Effective January 1, 2024, the National Council on Compensation Insurance (NCCI) and the Colorado Division of Insurance (DOI) have approved changes to the way the experience modification rating (EMOD) is calculated. The EMOD plays a pivotal role in determining the price of worker’s compensation policies and often is considered in prequalifying companies when bidding jobs. The goal of the changes coming from NCCI is to increase equity across employers based on more narrow and applicable comparison groups.

On average nationwide, NCCI is expecting most businesses to see an increase of + or – 5% but there may be more significant changes in some cases.

The EMOD is a rate that shows how a company’s Workers compensation loss history compares to its industry peers. This is based on how much payroll the company has in specific employee classifications, then compares those losses to what is expected for that payroll level against the peer group. If your EMOD is a 1.00, your losses are average. A credit EMOD, or anything under 1.00, has (less/fewer losses) better than average experience. A debit EMOD, or anything over 1.00, is performing worse (more losses) than average.

The Change: The EMOD calculation was previously based on national averages and now will be based on state specific averages.

For those in Colorado: Colorado has better loss experience than the national average so the average just got better.

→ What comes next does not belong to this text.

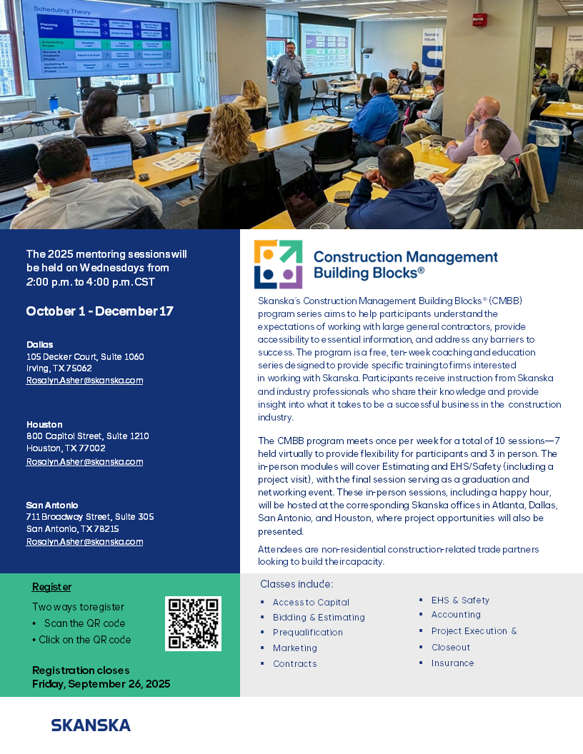 Skanska’s Construction Management Building Blocks (CMBB) Program – Applications Now Open

The two most impactful changes that will take effect in the new year are: 

  1. Expected Loss Rate (ELR) changes- the expected losses have historically been estimated based on industry specific peer groups across the country. Going forward, expected losses will be measured against your industry specific peer group in the states in which you operate. In the vast majority of cases, the expected losses will be decreasing in Colorado (based on the industry) because Colorado performs better than our national peers according to the data. For most Colorado employers, this change will not be favorable because actual losses incurred have not changed. However, expected losses have decreased. Therefore, your actual losses will compare worse to the new, lower, average expected losses.
  2. Split Points are also changing from a national to state based model. States will now have their own Split Point based on state specific loss experience. For Colorado employers, this is good news because the Split Point is reducing from $18,500 to $14,500.

Split Point is the loss level at which, NCCI has determined, a loss goes from a “Primary” loss to an “Excess” loss. Excess losses are discounted (weighted) when calculating the EMOD because that portion of the loss over the Split Point are discounted. Primary losses, losses under the Split Point, are not discounted. For Colorado employers, a greater portion of claims will be discounted and considered Excess losses.

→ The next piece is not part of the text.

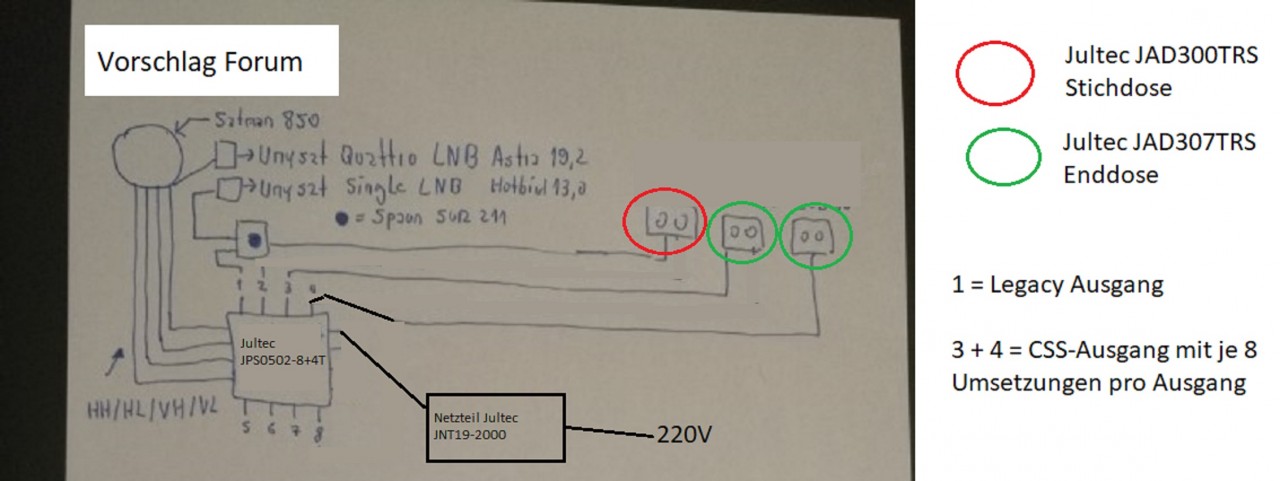 1.) Kann ich den DUR DPC-32 direkt am Technisat Multiswitch anschließen und dann mit einem Kabel (Ausgang DPC 32) zu welchen Jultec Dosen fahren ? JAD307TRS als Enddose ?
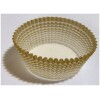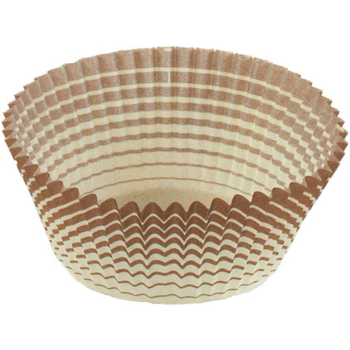 These Novacart grease-proof paper baking cups are perfect for bars, eclairs, cupcakes and more. Gold Striped design compliments your baked goods. (Colors in photo are not accurate.) Available in multiple sizes. Includes 15 pieces per bundle. Certified by the Kof K.

These changes will take effect retroactively and will apply to loss history for all years contemplated in the EMOD calculation. Rest assured we are working diligently to stay ahead of these changes and mitigate the impact as much as possible. There are strategies we can deploy to help maintain and improve your EMOD.

It is important to note that all of these changes apply to all Colorado employers regardless of the broker and insurance carrier they partner with. They are rule changes adopted by NCCI and states Insurance Commission.

While we can’t directly change the EMOD, we are here to help. Using all available tools, we are able to project anticipated EMOD changes, review claims history for accuracy and advocate for updates when necessary, advocate for premium relief when applicable, conduct a deducible analysis to ensure you are maximizing the deductible strategy to the fullest and develop and implement a risk mitigation strategy to help minimize and control claims.